String Processing

Best Matches

In this lesson the student will learn how to:
  1. Modify a script to add functionality.
By the end of this lesson the student will be able to:

	Write a relatively complex script which
	checks for the best match between two
	nucleotide sequences.

Best Matches

Two seqeunces can anneal in different ways.

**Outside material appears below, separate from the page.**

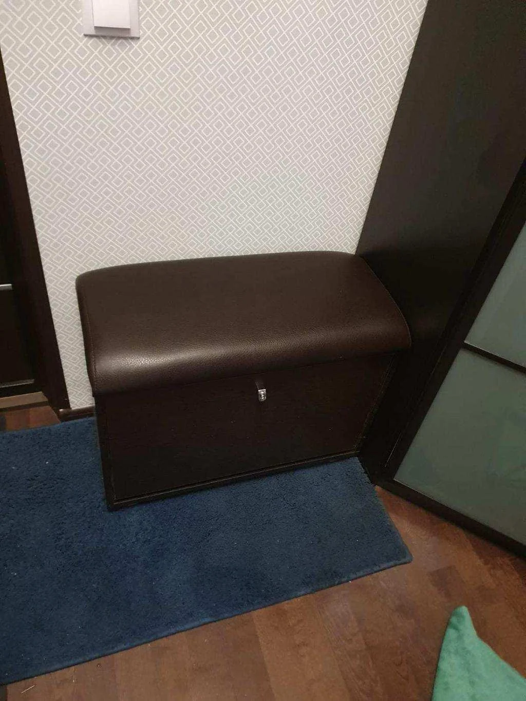 Конструкция с мягким сиденьем и откидной секцией для хранения обуви.
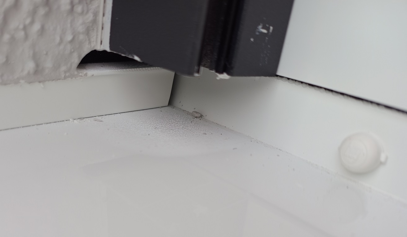 Woher kann hier die warme Luft kommen, die zu dieses Kondenswasserbildung führt? Ist der Einbau der Fenster, Fensterbänke oder Rolladenschienen fehlerhaft ausgeführt worden?

Consider these possibilities:


	GGTTAACCGG   --------------------> 0
	 GGTTAACCGG   -------------------> 0
	  GGTTAACCGG   ------------------> 0
	   GGTTAACCGG   -----------------> 2
	    GGTTAACCGG   ----------------> 1
	     GGTTAACCGG   ---------------> 1
	      GGTTAACCGG   --------------> 1
	       GGTTAACCGG   -------------> 3
	        GGTTAACCGG   ------------> 1
	         GGTTAACCGG   -----------> 1
		 AGTCCGAGGT
	          GGTTAACCGG   ----------> 2
	           GGTTAACCGG   ---------> 2
	            GGTTAACCGG   --------> 3
	             GGTTAACCGG   -------> 3
	              GGTTAACCGG   ------> 1
	               GGTTAACCGG   -----> 1
	                GGTTAACCGG   ----> 2
	                 GGTTAACCGG   ---> 0
	                  GGTTAACCGG   --> 0

As you can see there are three positions which are best matches. These are at offsets -2, 3, and 4.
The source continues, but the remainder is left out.